Animal shelters are filled to overflowing with adoptable pets that would make excellent companions. It's a myth that only "problem pets" end up at shelters; pets are turned in for many reasons including lack of pet-friendly housing, owners with health issues that prevent them from properly caring for their pets, and people who adopted an animal without fully realizing what was involved in its care.
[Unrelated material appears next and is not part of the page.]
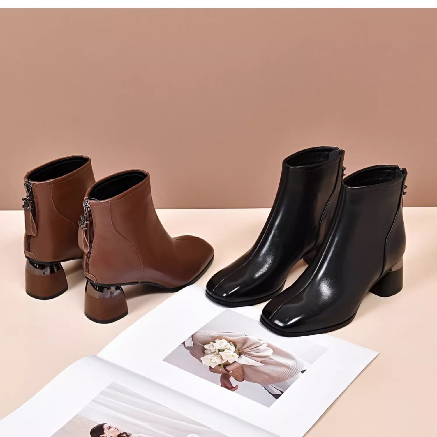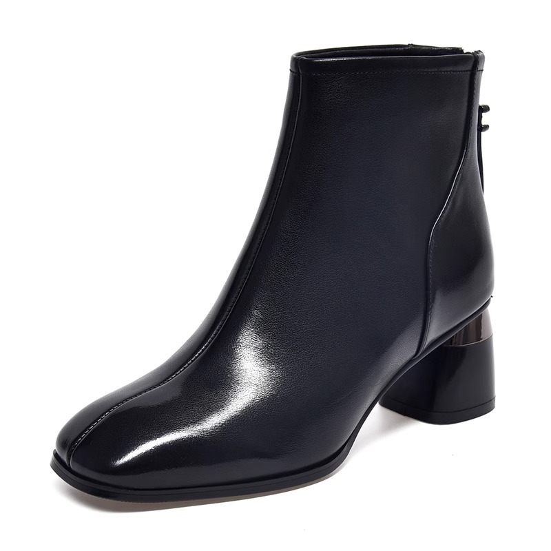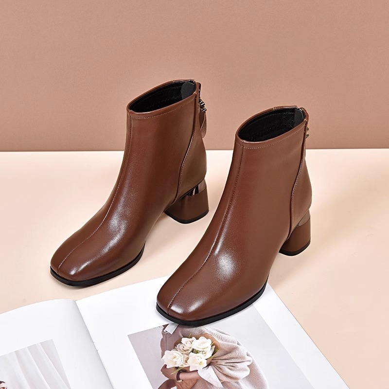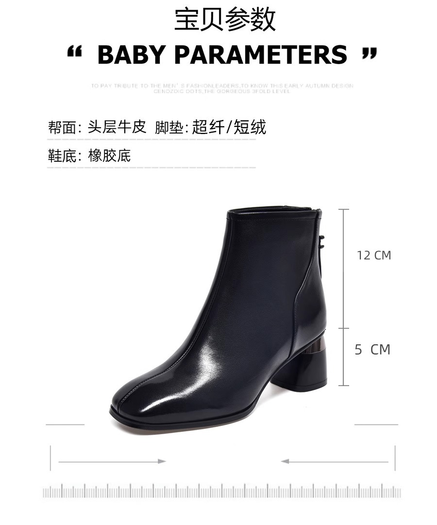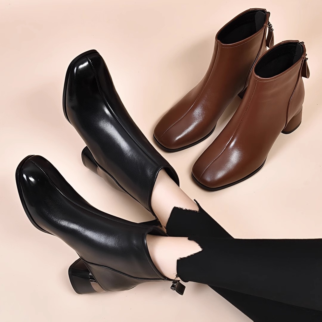 여성용 스퀘어토 하이힐 숏부츠, 봄/가을용 가죽 부츠, 2025년 신상 소가죽 패션 부츠, 솜 안감 두꺼운 굽 패션 부츠
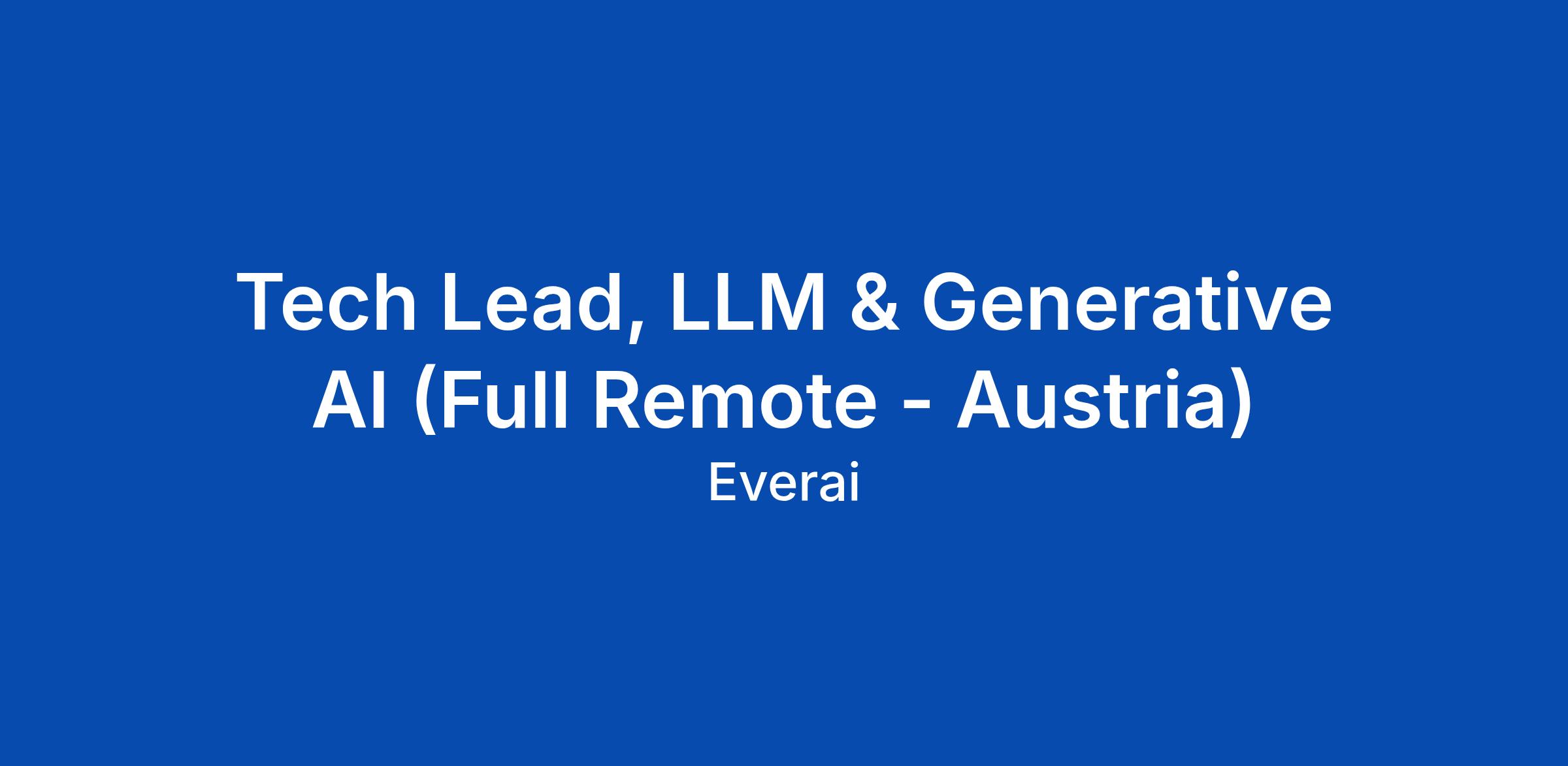 Tech Lead, LLM & Generative AI (Full Remote - Austria)

Adopting a rescue pet If you are thinking of adding a pet to your household, visit your local shelter or humane society to visit with the pets currently available for adoption. Not only will you gain a great friend, you'll also save a life!

  • Ask questions. Successful adoptions start with understanding the responsibilities of caring for a pet. This includes, among other things:

    • financial commitments, especially if the pet has a medical condition that needs extra care;

    • time commitments. For instance, living with a Jack Russell Terrier puppy is much different than living with an elderly cat. Puppies (and even adult dogs) also need training and socialization.

    • breed education. Persons with limited mobility, for example, may find it difficult to provide sufficient exercise for a border collie or other active breed.

  • Get the pet's history. If the animal came in as a stray, the shelter probably won't have much information on it other than any behaviour assessments that may have been done. Owner-surrendered pets, however, may have a more comprehensive history provided by the previous owner.

  • Consider an older pet. There are few things cuter than a wriggling, kissing puppy or a tiny little fluffball of kitten... but they all grow up! With older pets, you can see their adult personality, size, and appearance. Older pets also tend to be calmer, some have already had training, and they bond well with a new family.

  • If adopting a dog, ask the shelter staff if they will allow your existing dogs to meet the new dog prior to finalizing the adoption. This will help you to assess whether they can succesfully live together.

  • Do not give a pet as a gift, regardless of how much you know the intended recipient loves animals. Lifestyle choices, personal circumstances, and financial matters can all play into whether or not an animal lover wants a pet of their own. Remember, it's the animal who pays the ultimate price if he becomes an "unwanted pet".

  • All the members of your household should meet the new pet prior to deciding on adoption.

  • Ask what is included with the adoption. Most shelters will vaccinate pets when they arrive, and spay or neuter them prior to releasing them to their new homes.

  • Take some time to think it over. A pet is a lifelong commitment!